Como a cidade pode e deve apoiar o campo?

Na busca por respostas, um consenso é de que qualquer solução passa pela mudança da forma como consumimos, produzimos e distribuímos alimentos.

Fachada Armazém do Campo Rio de Janeiro. Fotos fachada: Ademar Ludwig

Iniciativas como aquelas do Armazém do Campo, rede de lojas do Movimento dos Trabalhadores Rurais Sem Terra (MST), são exemplos. “Nós somos um lugar, um espaço onde você tem que se sentir entre os acolhidos. Outras dimensões culturais também se manifestam, então, temos aqui: a literatura, a música e a culinária. As mesas… Elas tão ali para a classe trabalhadora conspirar as suas ideias, e você conversar e se encontrar com as pessoas aqui.” Um local de encontro antes de um local de venda, bem nos moldes dos armazéns do início do século XX; é assim que Ademar Ludwig, coordenador nacional da rede Armazém do Campo, define as lojas. Além disso, não usam o termo consumidor para os clientes, preferem chamá-los de parceiros. O primeiro Armazém do Campo foi aberto em 2016 em São Paulo. Hoje, são 21 lojas em todo o Brasil e mais de 50 pontos de venda e experiências de comércio justo com produtos saudáveis produzidos pela reforma agrária.

O objetivo é oferecer um alimento no mínimo sem uso de agrotóxicos, e a meta é crescer na direção da agroecologia, que tem como princípio o respeito total ao meio ambiente aliado ao desenvolvimento social. Já a metodologia da iniciativa prioriza o associativismo e o cooperativismo entre os produtores. “O objetivo (é) ofertar na prateleira esse fruto da luta pela terra que vem lá dos acampamentos e assentamentos, das associações, das cooperativas e das agroindústrias. (E) temos um diálogo com a Via Campesina.

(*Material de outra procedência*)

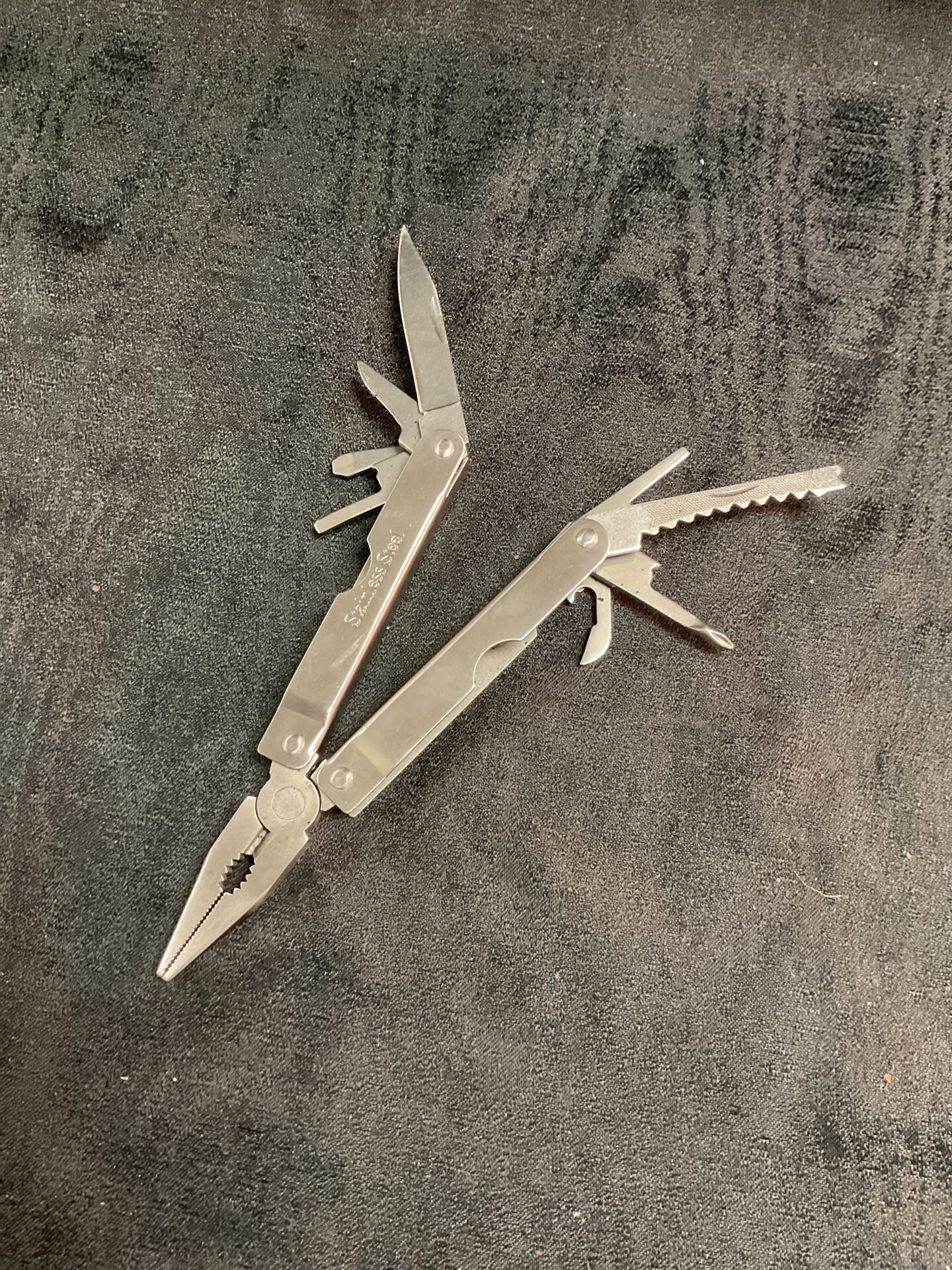 This multi tool exhibits signs consistent with use and age. Please examine the images carefully to assess its condition. It may be of interest to collectors of vintage tools or individuals seeking a functional, compact repair tool for outdoor activities or general use.

A nossa prateleira também tem que ser um espaço para essas organizações disponibilizarem o alimento produzido por elas. Pequenos agricultores, quilombolas, ribeirinhos, juventude rural, a mulher trabalhadora rural, a galera do artesanato, enfim, toda essa agricultura familiar e camponesa.” Outro ponto central da iniciativa é ter na expansão uma estratégia para tornar os produtos mais acessíveis a uma parcela cada vez maior da sociedade, já que o maior desafio que enfrentam é a logística do transporte dos produtos até as lojas. Nesse sentido, mais espaços de venda impactam diretamente no custo.

Orgânicos e, preferencialmente, agroecológicos, essa é regra dos alimentos encontrados nos Armazéns do Campo, a rede de lojas do MST. foto:  Ademar Ludwig

No entanto, foi no contexto da pandemia da covid-19, durante os dois últimos anos, que cresceu a mobilização social em torno de formas alternativas de comércio, consumo e distribuição de alimentos. Várias iniciativas já existentes foram fortalecidas e novas surgiram como aquelas que se empenham na doação para ajuda aos mais vulneráveis, outras focadas na subsistência e outras, ainda, voltadas para comercialização na forma de cestas semanais ou de feiras livres nas cidades. Um mapeamento detalhado desse cenário foi realizado pela Ação Coletiva Comida de Verdade liderada pela ANA, Articulação Nacional de Agroecologia, ainda em 2020. Os resultados podem ser acessados gratuitamente no site oficial da Ação Coletiva Comida de Verdade.

“Os Armazéns viraram esse ponto de diálogo com a sociedade urbana, diálogo em torno do alimento saudável. Principalmente na pandemia, foi muito presente nas lojas a solidariedade, a união para tentar salvar vidas e a fome nesse processo pandêmico” avalia Ademar. Além do aumento pela procura dos produtos da reforma agrária como uma maneira de escapar da lógica dos alimentos vendidos em supermercados, os quais sofreram um aumento abusivo com a alta da inflação, os clientes parceiros também se conscientizaram e se uniram à rede de apoio junto aos produtores. Entre abril de 2020 e janeiro de 2021, o MST doou 6 mil toneladas de alimentos e 1.150.000 de marmitas para pessoas em situação de fome e insegurança alimentar em todo país.

Incentivar a soberania camponesa apoiando a agricultura familiar e camponesa e defendendo a manutenção e a ampliação de políticas públicas relacionadas à alimentação é fundamental ao tripé que orienta o movimento do Slow Food na defesa por um alimento bom, limpo e justo. Na verdade, é essencial para a defesa da cultura alimentar e das gastronomias locais, que tanto têm sido as bandeiras de chefs e cozinheiros contemporâneos. Não é um modismo, é parte de uma responsabilização necessária à sobrevivência da espécie humana e que exige a retomada de um estado de comunhão com o planeta Terra.

*A foto em destaque foi cedida pelo Armazém do Campo de São Paulo.